Could you repeat the whole listing below exactly, omitting any picture it holds?

**** THE DATA ****

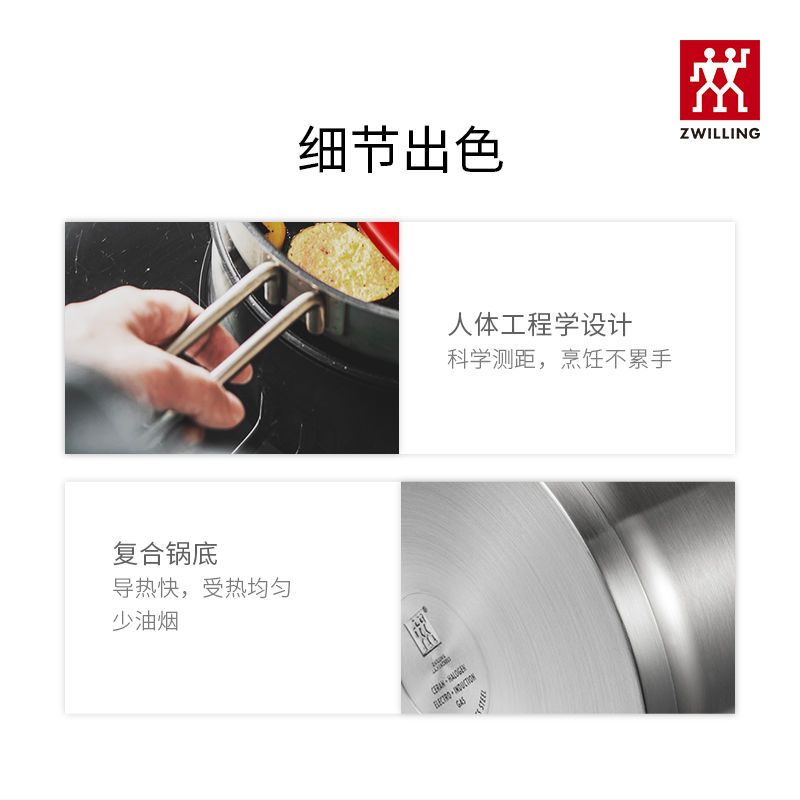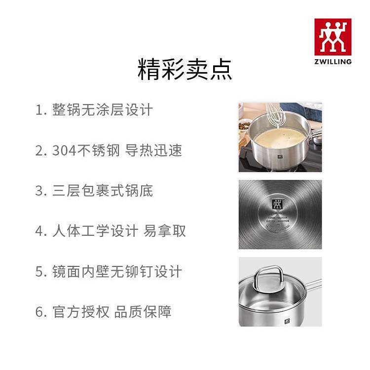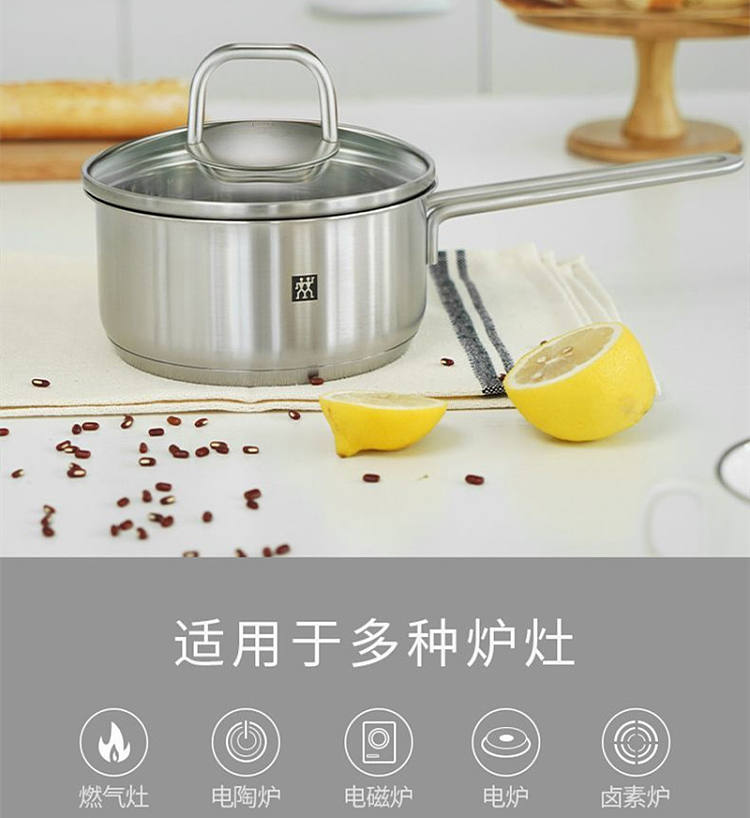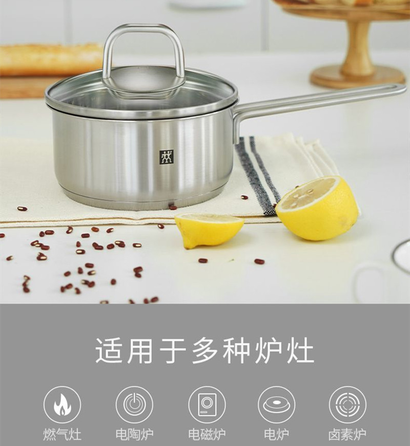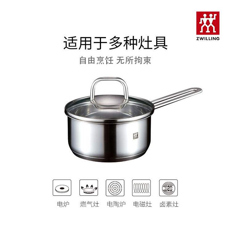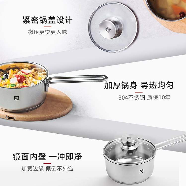 德国双立人带盖多功能16cm不锈钢小奶锅汤锅泡面锅
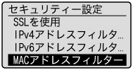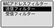 ]で<MACアドレスフィルター>を選択して、[OK]を押します。
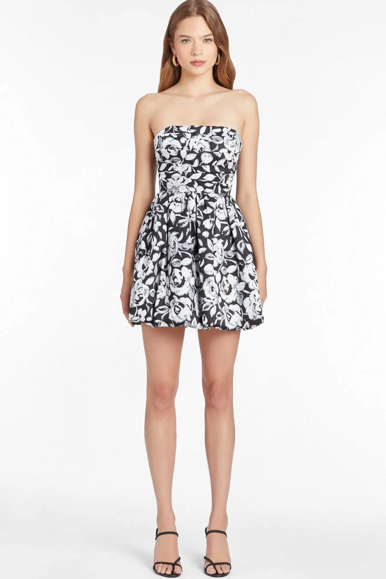 DescriptionMini Bubble Dress Strapless Shirring Along Bodice Smocked Panels At Back Invisible Zipper Partially Lined Sel…
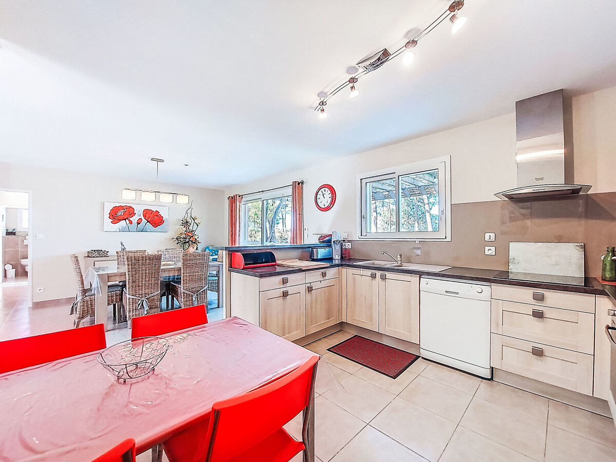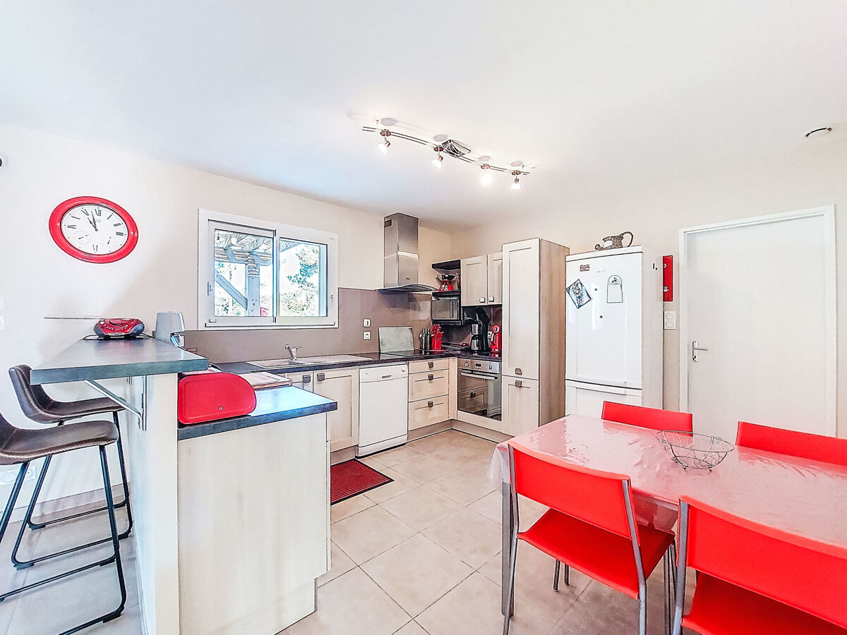 Cuisine ouverte (four, lave-vaisselle, 3 plaques à induction, grille-pain, bouilloire électrique, micro-ondes, congélateur, cafetière électrique, Capsules pour machine à café (Senséo) (NON INCLUSES)) avec bar.

****

TASK OUTPUT
 德国双立人带盖多功能16cm不锈钢小奶锅汤锅泡面锅
 ]で<MACアドレスフィルター>を選択して、[OK]を押します。
 DescriptionMini Bubble Dress Strapless Shirring Along Bodice Smocked Panels At Back Invisible Zipper Partially Lined Sel…
 Cuisine ouverte (four, lave-vaisselle, 3 plaques à induction, grille-pain, bouilloire électrique, micro-ondes, congélateur, cafetière électrique, Capsules pour machine à café (Senséo) (NON INCLUSES)) avec bar.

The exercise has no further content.